# Work instruction:
For this exercise, retype the lines from the one that holds "Hide a roll" through the one that holds "工資協(xié)商專項(xiàng)集體合同審查意見書" in the records below, both included, exactly and without pictures.

====== Entries provided ======

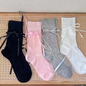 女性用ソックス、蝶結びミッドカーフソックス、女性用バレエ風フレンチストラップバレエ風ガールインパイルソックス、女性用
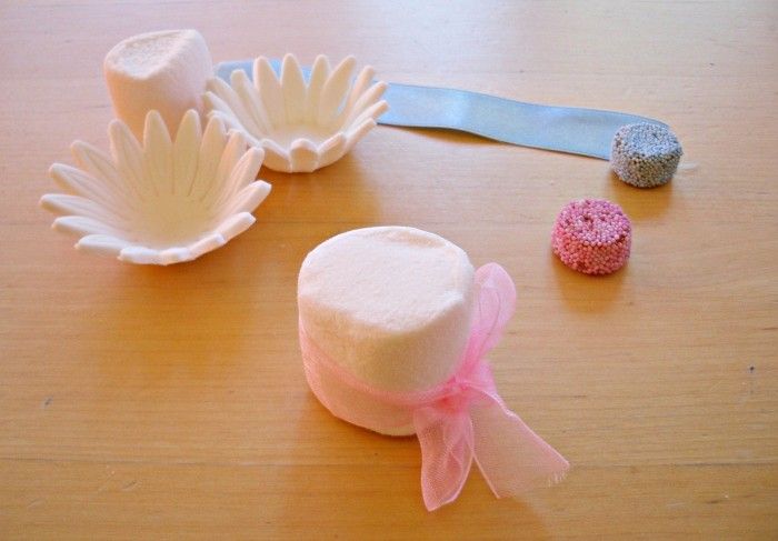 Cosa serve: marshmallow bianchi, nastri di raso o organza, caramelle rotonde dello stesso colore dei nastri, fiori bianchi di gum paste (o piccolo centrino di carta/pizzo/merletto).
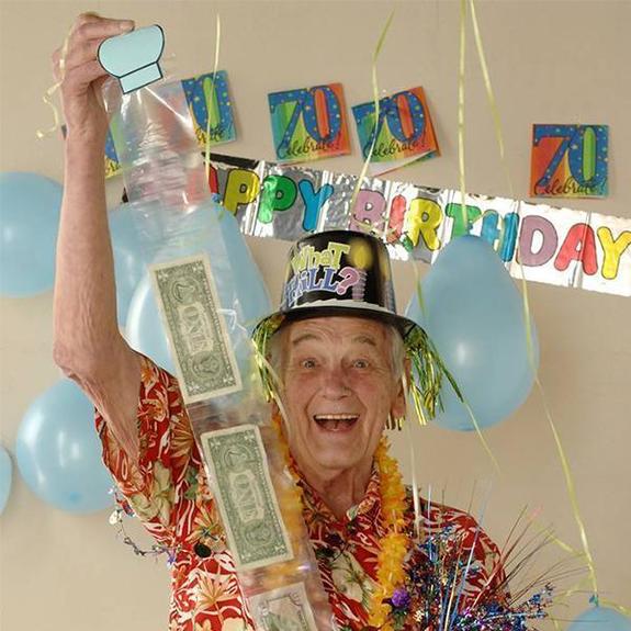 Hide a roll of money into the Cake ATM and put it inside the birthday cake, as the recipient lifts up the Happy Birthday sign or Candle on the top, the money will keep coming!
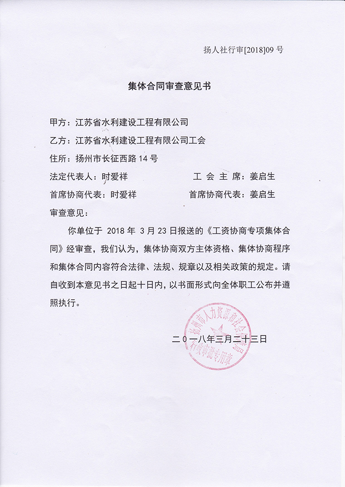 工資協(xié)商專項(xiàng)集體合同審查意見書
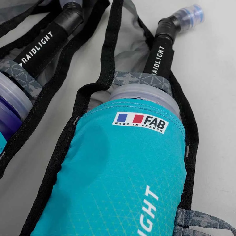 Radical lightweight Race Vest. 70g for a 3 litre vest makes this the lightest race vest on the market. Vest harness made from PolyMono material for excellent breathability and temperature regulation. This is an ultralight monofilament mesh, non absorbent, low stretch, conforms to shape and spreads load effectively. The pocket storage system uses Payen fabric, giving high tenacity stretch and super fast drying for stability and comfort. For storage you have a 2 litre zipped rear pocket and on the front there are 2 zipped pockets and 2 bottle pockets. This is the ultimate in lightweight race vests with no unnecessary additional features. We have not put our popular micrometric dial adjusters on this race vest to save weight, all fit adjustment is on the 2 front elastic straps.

======

# Result:
 Hide a roll of money into the Cake ATM and put it inside the birthday cake, as the recipient lifts up the Happy Birthday sign or Candle on the top, the money will keep coming!
 工資協(xié)商專項(xiàng)集體合同審查意見書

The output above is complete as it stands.